Dua orang terluka parah dalam insiden tersebut, termasuk seorang wanita yang ditembak di kepala. Gambar yang menggambarkan dirinya pada saat-saat setelah dia ditembak pada hari Rabu muncul di spanduk protes besar dan telah dibagikan secara luas secara online.
"Mereka dapat menembak seorang wanita muda tetapi mereka tidak dapat mencuri harapan dan ketetapan hati orang-orang yang bertekad," cuit salah satu anggota PBB Tom Andrews di Twitter pada Rabu.
Massa besar-besaran kembali ke jalan-jalan Yangon pada hari Rabu, di mana sehari sebelumnya mereka berhadapan dengan barisan polisi anti huru hara yang berdiri di samping truk meriam air dekat kediaman Aung San Suu Kyi.
Melansir dari Channel New Asia, Aung San Suu Kyi ditahan pada hari Selasa bersama dengan 30 orang lainnya-termasuk seorang jurnalis dari penyiar lokal DVB. Penangkapan mereka di kota terbesar kedua Myanmar terjadi ketika polisi menembakkan gas air mata ke pengunjuk rasa yang mengibarkan bendera NLD merah.
Media pemerintah melaporkan massa telah melemparkan benda-benda ke polisi dan melukai empat petugas. Aksi protes dimulai pada akhir pekan lalu dan ratusan pengunjuk rasa di Mandalay pada hari Rabu, kembali ke jalan membawa banyak spanduk yang bertuliskan "Gulingkan kediktatoran".
Di tempat lain, empat petugas membelot untuk bergabung dalam protes anti-kudeta, menurut laporan media lokal.

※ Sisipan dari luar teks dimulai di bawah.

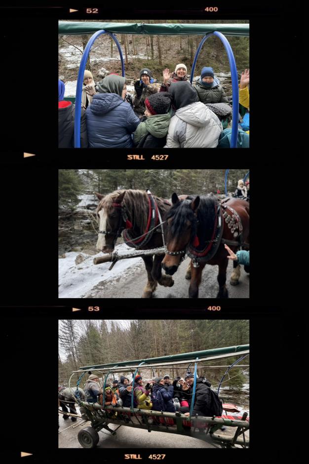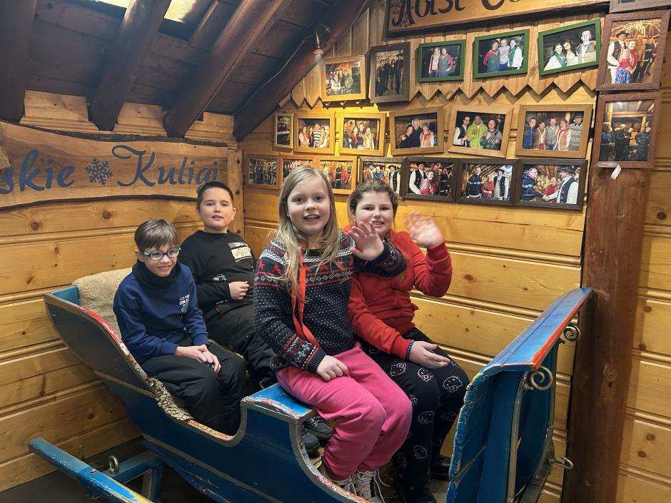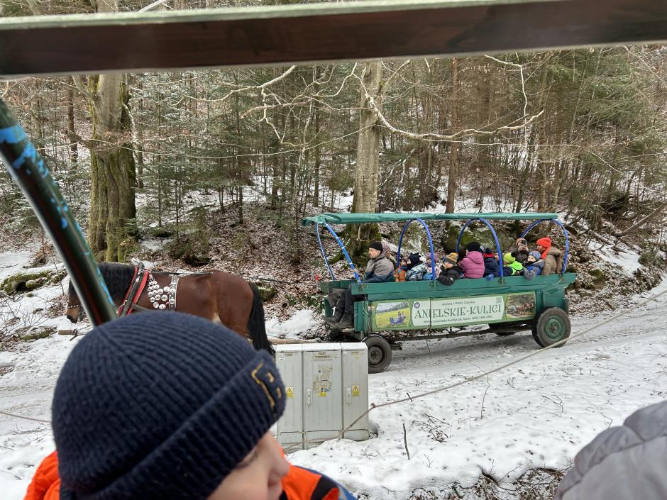 Podczas kuligu jechaliśmy bryczkami na kołach, podziwiając malowniczą zimową przyrodę. Gdy konie ciągnęły nasze bryczki słyszeliśmy piękne dźwięczenie dzwoneczków i prowadziliśmy ze sobą radosne rozmowy, ciesząc się wspólnie spędzonym czasem.
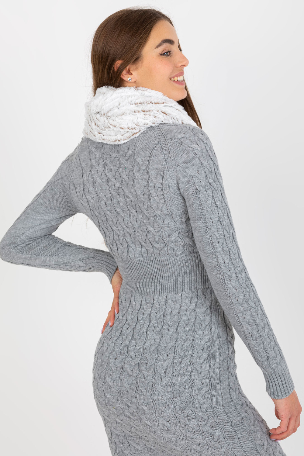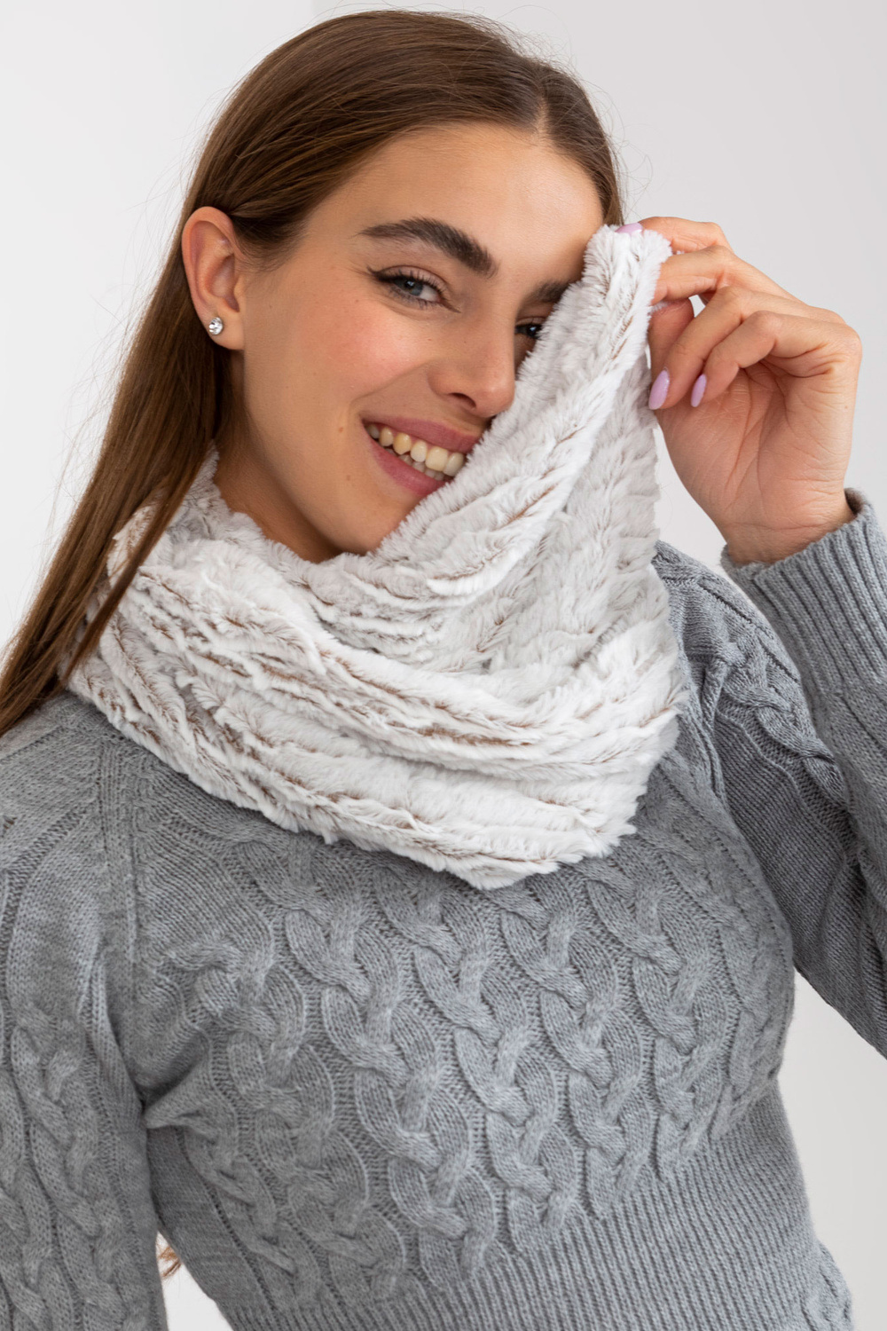 Baltai rudas žieminis kaminas iš dirbtinio kailio.

Pihak militer Myanmar membenarkan perebutan kekuasaan pekan lalu dengan mengklaim kecurangan pemilu yang meluas dalam jajak pendapat pada bulan November lalu, yang dimenangkan secara telak olah partai Aung San Suu Kyi.
Dalam 10 hari sejak panglima militer Min Aung Hlaing menggulingkan Aung San Suu Kyi dari kekuasaan, Myanmar diguncang oleh protes besar-besaran.
Staf medis, pengawas lalu lintas udara, dan guru melakukan mogok kerja, meskipun masih ada juga warga yang tetap beraktifitas seperti biasa dengan mengenakan pita merah di seragam mereka dan saling melemparkan salam tiga jari.
Pada hari Rabu, militer mengumumkan bahwa hotline khusus telah disiapkan untuk pegawai negeri sipil untuk melaporkan jika mereka diintimidasi karena tidak berpartisipasi dalam kegiatan anti-kudeta.
Amerika Serikat yang turut mengecam kudeta tersebut, pada hari Selasa menyerukan agar para jenderal mundur. Sementara, Kepala kebijakan luar negeri Uni Eropa Josep Borrell memperingatkan jika pihaknya dapat memberlakukan sanksi baru terhadap militer Myanmar.